Николай Гартман правильно анализирует теоретико-познава­тельную сторону этой спонтанности обыденной жизни. При этом он исходит из наличествующей и в наши дни формы повседнев­ности и констатирует относительно господствующего в ней мыш­ления следующее: Здесь налицо тенденция спрашивать при любой оказии, «чего ради» это должно было случиться. «Чего ради это со мной приключилось?» или «Чего ради я должен так мучиться?», «Чего ради он так рано умер?». При любом событии, которое нас тем или иным образом «касается», подобные реплики напрашива­ются сами собой, даже если при этом они выражают лишь полную беспомощность. Молчаливо предполагается, что все это так или иначе может кончиться добром; ищется смысл, оправдание, как будто мир устроен так, что все, что происходит, обязательно обла­дает каким-то смыслом. На более высоком уровне мышления, не выходящем, однако, за пределы обыденной спонтанности, это оз­начает мыслительную попытку исключения случайности из объ­ективной действительности: случайность предстает перед челове­ком повседневности как нечто неправомочно расстраивающее его планы. Однако здесь возможны два разнонаправленных движения. Первое ориентировано на познание причиной необходимости слу­чая, на диалектику случайного и необходимого, впервые познан­ную и философски разработанную Гегелем, практическим следст­вием которой может быть лишь утонченная, улучшенная, более гибкая разработка индивидуальных и коллективных планов. Вто­рое движение основывается на общем «мировоззрении» повседнев­ной жизни. Из него, по словам Гартмана, вырастает отвращение обыденного мышления к случайности, ее неприятие. Ее, правда, нельзя отрицать как факт, но она истолковывается как нечто «одно­временно предвиденное и желанное», за которым кроется иное, уже не человеческое предвидение, более высокая, нежели у чело­века, воля. «Таким образом обходным путем все в мире получает затем свое определение и обретает телеологическую планомерность. И если человеку удается вступить в исполненное прозрений отно­шение с тем, иным предвидением, то прекращается его беспо­мощная предоставленность произволу непредвиденного».

Здесь недвусмысленно ощущается предпосылка для перехода обыденного «мировоззрения» в религиозность.
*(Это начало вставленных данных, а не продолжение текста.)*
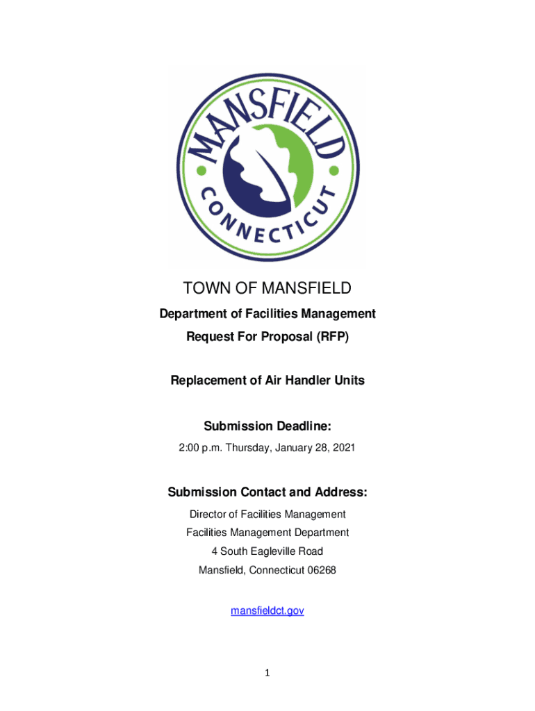 TOWN OF MANSFIELD Department of Facilities Management Request For Proposal (RFP)Replacement of Air Handler UnitsSubmission Deadline: 2:00 p.m. Thursday, January 28, 2021Submission Contact and Address: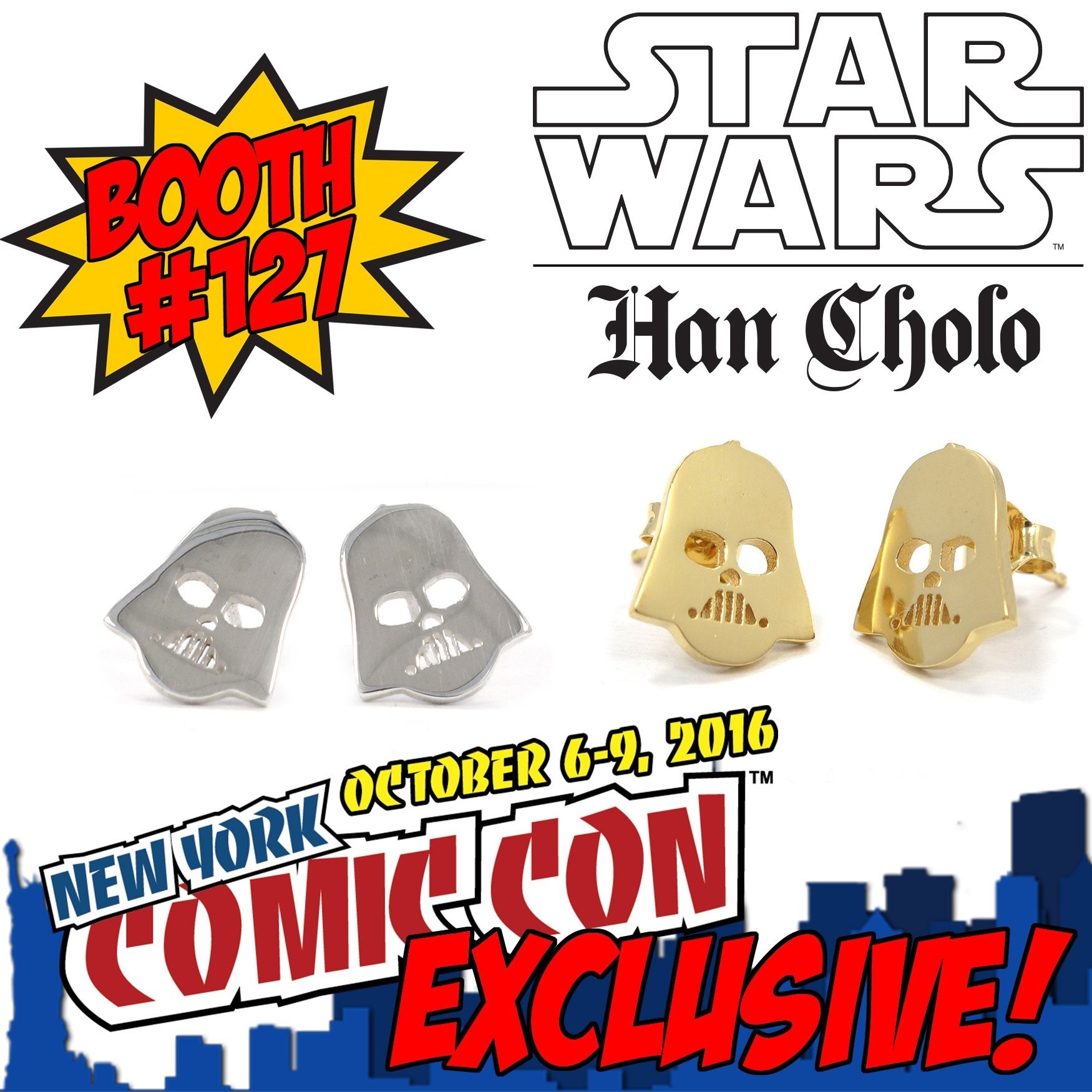 New York Comic Con is coming up this weekend, and Han Cholo will have exclusive Star Wars jewelry available at the event! At the Han Cholo booth #127, they will be selling the fantastic Darth Vader stud earrings, available in gold or silver tone finish. I own the Yoda stud earrings and Lightsaber stud earrings, and I absolutely love them – they have proper ‘butterfly’ style backings, which are nice and secure for wearing all day.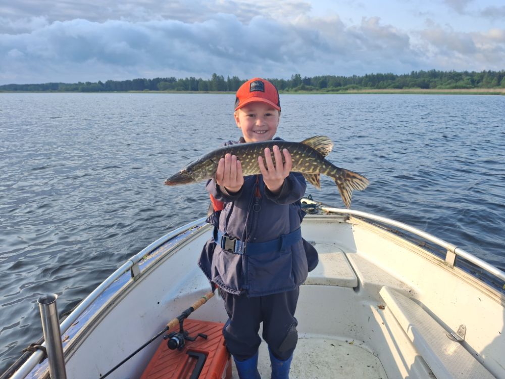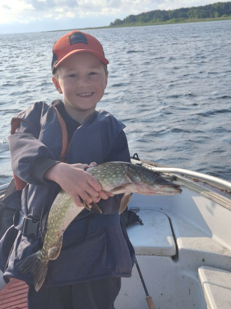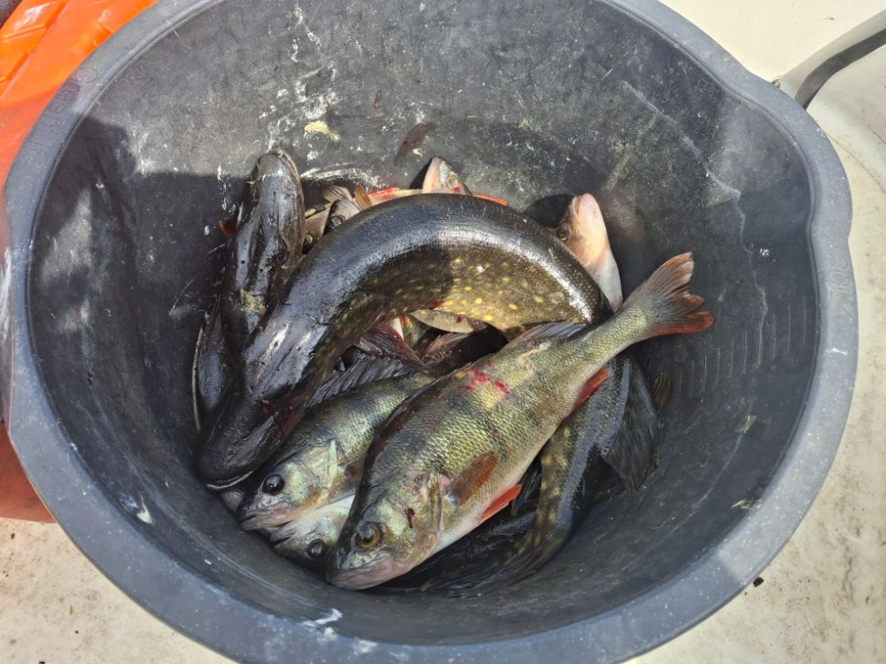 У напарника на третьем забросе щучка , следом окуни , ну щучка между делом . Ветер тащил лодку вдоль берега , так что было удобно , не заводились как неслотак и кидали , вся рыба в заброс , пару гарбузов слили , не подняли в лодку .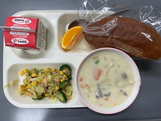 今日の給食はエビとマカロニのクリーム煮、ツナサラダ、オレンジ、ミルクパン、牛乳です。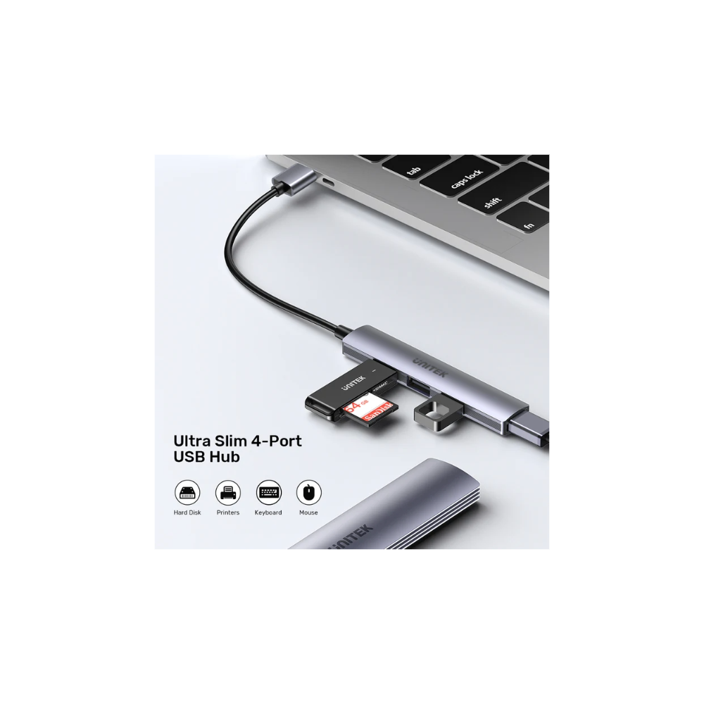 Elevate your connectivity with the UNITEK Ultra Slim 4-Port USB Hub. Designed for convenience, it allows you to connect multiple devices such as hard disks, printers, keyboards, and mice from a single hub, keeping your workspace organized and clutter-free. This sleek accessory is perfect for anyone looking to expand their device connections without sacrificing style or performance.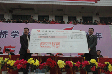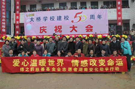 胡国安董事长代表安博官网出资十万元捐助了第四所绿之韵大桥希望中学,这也是安博官网公司继2006年5月28日在黑龙江省佳木斯市捐助了第三所绿之韵珠山希望小学后的又一次慈善义举。本次捐赠得到了当地父老乡亲拥护的同时也得到湖南安化县政府和教育局的高度赞誉,并授予胡国安集董事长为湖南安化冷市镇大桥学校“荣誉校长”、安化县“荣誉市民”的称号。绿之韵优秀经销商柳红先、张吉福夫妇、李平、谷方彤、韩晓鸣以及绿之韵金航系统的部分代表作为绿之韵慈善基金会志愿者参加了此次活动。曹凤华、柳红先、张吉福夫妇、李平、谷方彤、廉淇夫妇、王爱丽、浦守仁夫妇、韩晓鸣、吕艳玲等人慷慨解囊,为大桥中学捐款,纷纷被安化县政府授予“荣誉市民”称号和大桥学校“爱心使者”的称号。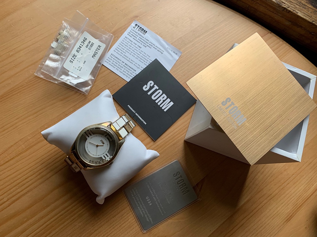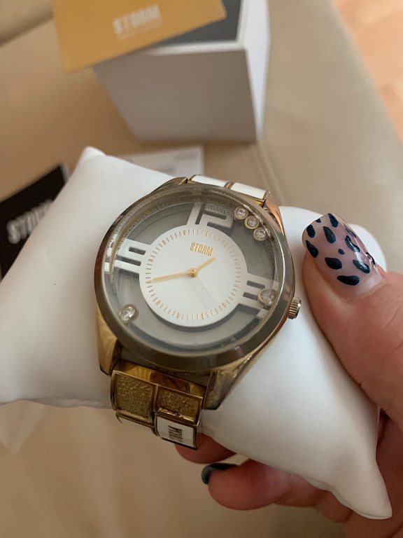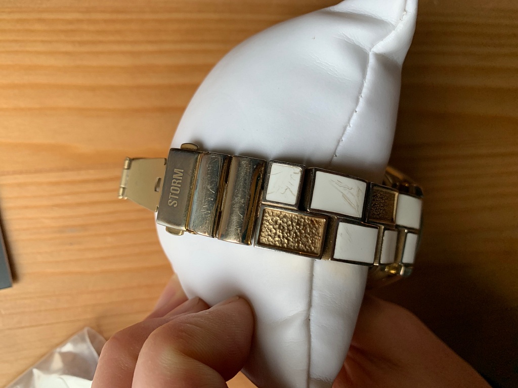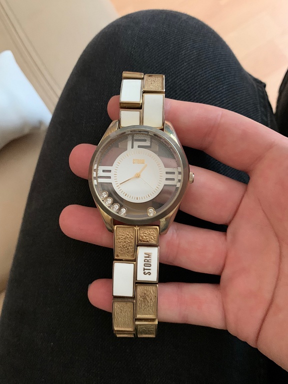 Lietots, perlamutra ciparnica, rose gold zelta tonis, janomaina baterija.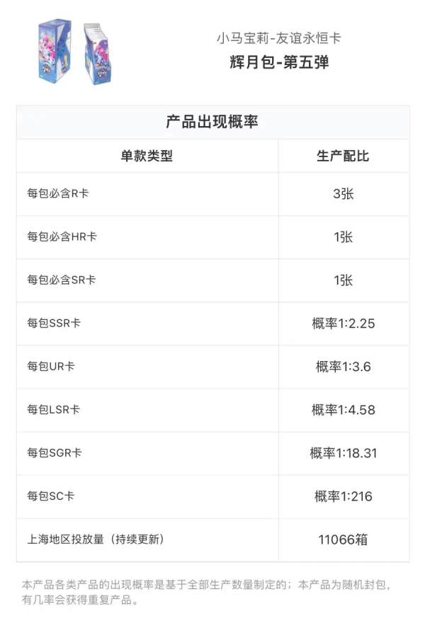 据上海网络辟谣消息,在售的品牌卡牌不论何种IP、规格,包装上均明示了不同种类卡牌的种类和出现概率。以"16万元一张卡牌"所涉及的IP为例,其中"最稀有"的卡牌出现概率为216:1,相关产品在上海地区的投放量超过1万箱,意味着流通中的卡牌量数以百万计。

Глубоко укоренен­ная в повседневности сущность этого перехода основывается на уже упоминавшейся нами... непосредственной связи в обыденной жизни теории и практики; этот постоянно и повсеместно господ­ствующий здесь принцип возвращает все и вся к телеологической

385

разновидности соотнесения с «Я», причем в обыденной жизни любое объяснение объективных связей с помощью труда и науки, любое снятие истинных, суших в себе, субъективных отношений через искусство снова и снова отодвигается в область спонтанной телеологической зависимости от партикулярного объекта. Мы до­статочно часто подчеркивали глубокое сродство между обыденной жизнью и жизнью, детерминируемой религией; это сродство ос-, новано на том, что религия — в противоположность искусству и науке, разрушающим спонтаннотелеологическую соотнесенность с частями «Я», — обладает и должна обладать структурой, сохра­няющей, увекочивающей эту тенденцию. Данную взаимосвязь Гарт-ман анализирует верно и многосторонне; он не просто выявляет категориальные связи элементарных фактов обыденной жизни, но в то же время на другом, высшем уровне мировоззренческих про­блем показывает, каким образом телеологическое отношение к частному «Я» способствует ложной интерпретации возникающих здесь вопросов.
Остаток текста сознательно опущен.